X = [X; Xn];  % concatenate the enrichment points to get the enriched design
Xn = uq_enrichLHS(X, 2, myInput)
Error using uq_enrichLHS (line 88)
The initial sample set does not form a Latin Hypercube! For eniriching such set in a pseudo-LHS fashion use uq_LHSify function instead.

In this case, as suggested by the error message, the function uq_LHSify can be used in place of uq_enrichLHS.

I hope this helps!

bsudret · October 7, 2020, 6:51am

Dear Sebastian

@damarginal replied already about the enrichment strategies.

I’d like to comment on your setup, i.e 3,000 samples points for a 6-dim problem. Based on our (long long) experience in PCE, it should be already more than enough to get a good PCE. Actually for d=6 dimensions, I would have started with 200 sample points ! Did you use ‘LARS’ as a solver to get a sparse PCE? Did you check the error estimators provided by UQLab (leave-one-out error)?

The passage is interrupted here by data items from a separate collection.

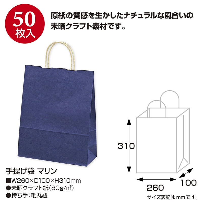 ササガワ 手提げ紙袋 マリン 小 50枚 50-5107 1包(ご注文単位1包)【直送品】
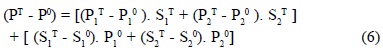 P iT : nivel del valor agregado por persona empleada en el sector i = 1 o 2 al instante t = T.
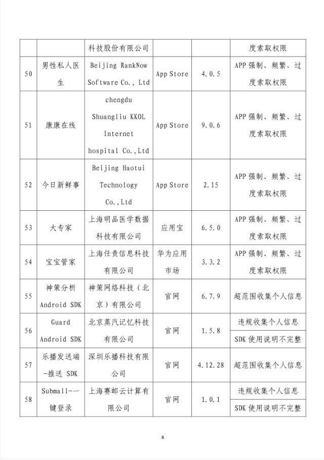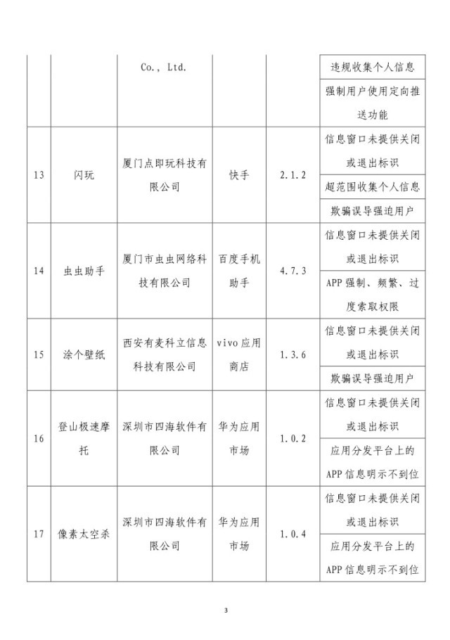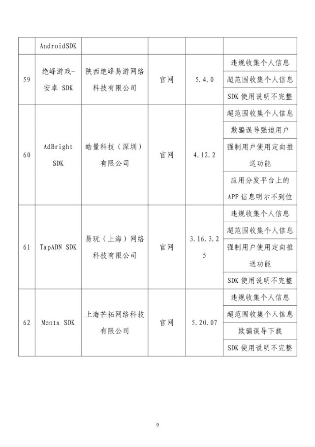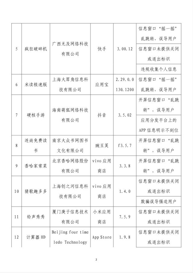 央視網(wǎng)消息:據(jù)工業(yè)和信息化部網(wǎng)站消息,工業(yè)和信息化部信息通信管理局3月14日公布《關于侵害用戶權益行為的APP(SDK)通報(2024年第2批,總第37批)》:
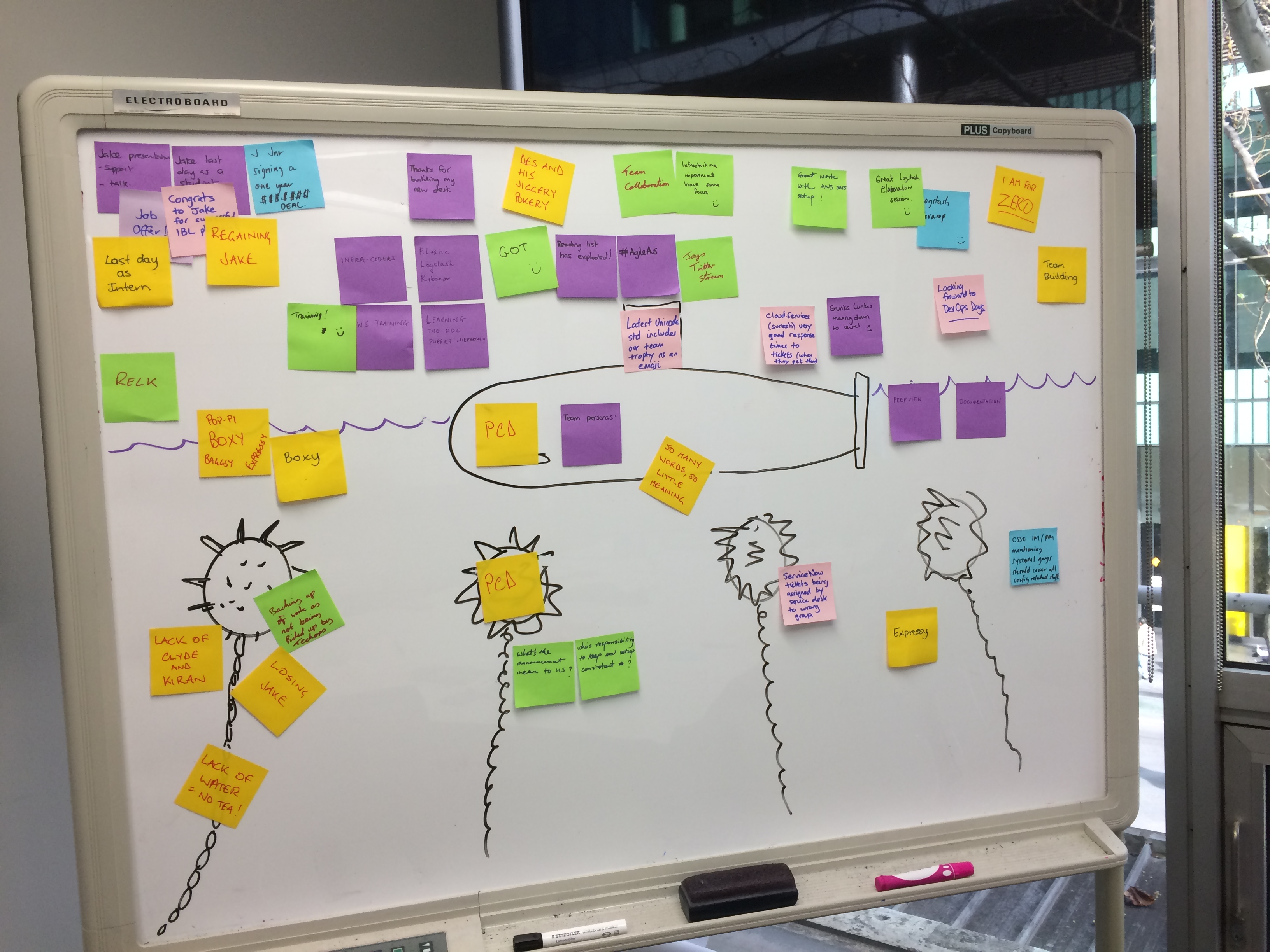 For the submarine retrospective we first drew a picture of the boat and placed it submerged in the water to represent the distinction between what is and isn’t working. We then drew some mines underneath to visualise that the submarine wasn’t in a position to dive as our focus area for what we could improve.
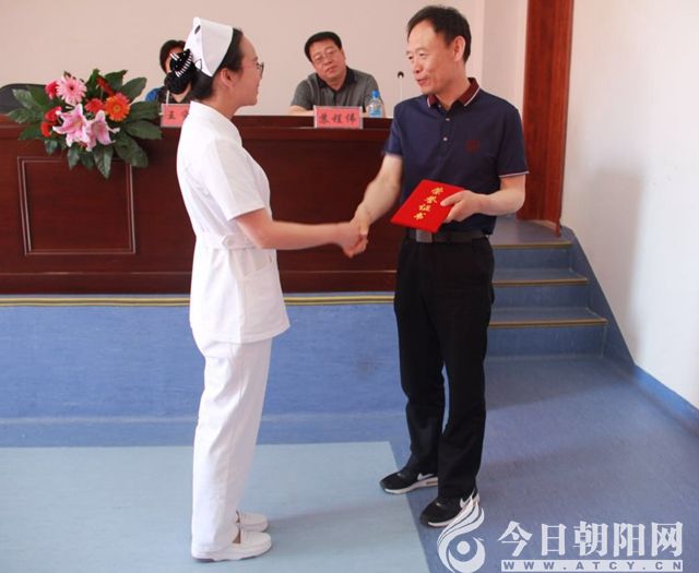 黨委書記孟慶元為優(yōu)秀護(hù)士頒發(fā)證書
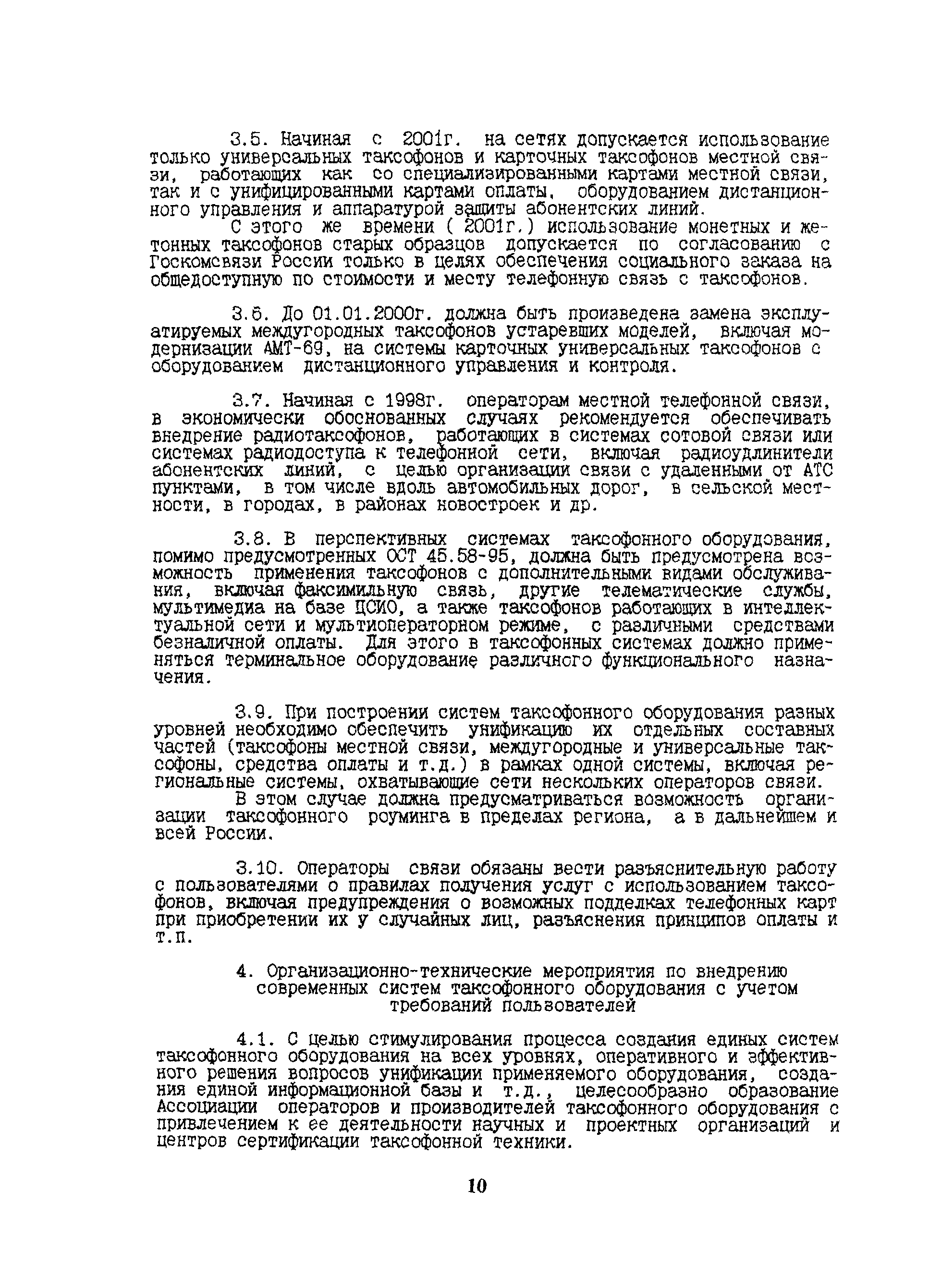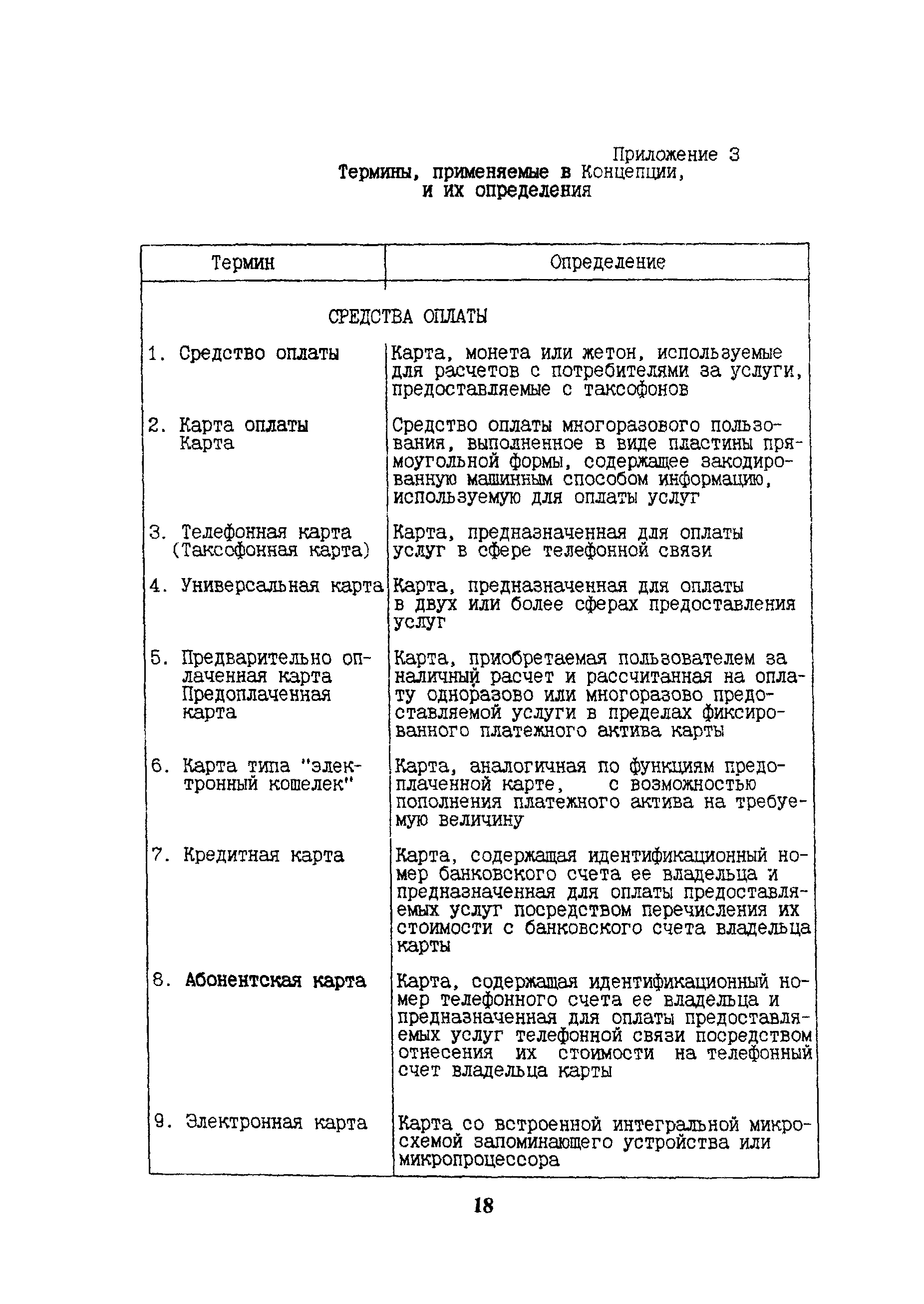 | Оглавление: | Введение 1 Цель и задачи Концепции 2 Состав, классификация таксофонного оборудования 3 Рекомендации по применению таксофонного оборудования 4 Организационно-технические мероприятия по внедрению современных систем таксофонного оборудования с учетом удобства пользователей 5 Плотность размещения таксофонов 6 Нормативная база 7 Основные эксплуатационно-технические требования к перспективному таксофонному оборудованию Приложение 1 Классификация средств оплаты, используемых в таксофонах Приложение 2 Классификация таксофонов Приложение 3 Термины, применяемые в Концепции, и их определения Приложение 4 Перечень сертифицированного таксофонного оборудования, рекомендуемого к использованию на ТФОП России |

If the “best usage” of PCEs does not provide you with an accurate surrogate (with this size of experimental design N= 3,000), then increasing it will probably not help much. There may be complex mechanisms that require tricks such as a change of variables (e.g. take the log of the output) etc.

Best regards
Bruno

sebacastroh · October 7, 2020, 12:29pm

Hi @damarginal, thank you for your response, it is exactly what I need.

Dear @bsudret, thanks for your comments and I understand your concerns. I’d like to add that the problem I’m working is highly non-linear. Me and my team developed a seismic risk model in a transportation network, and we are interested to evaluate the UQ and SA of these six parameters. So we are analyzing the resulting rates of exceedance for several travel times (from 2 to 10 hours, 1001 points). We have notice that the leave-one-out error for travel times larger than 3 hours is lower than 2%, but between 2 and 3 hours this error is around 6%. While it makes sense to me that the error at short travel times is larger than in long travel times, I’m not sure if this error is too big or it is considered acceptable. So my plan was to decrease this error increasing the number of points while searching which is an acceptable error. Maybe you can help me with this question, or you can suggest me some literature to check.

Thanks again to both of you for your help,

Kind regards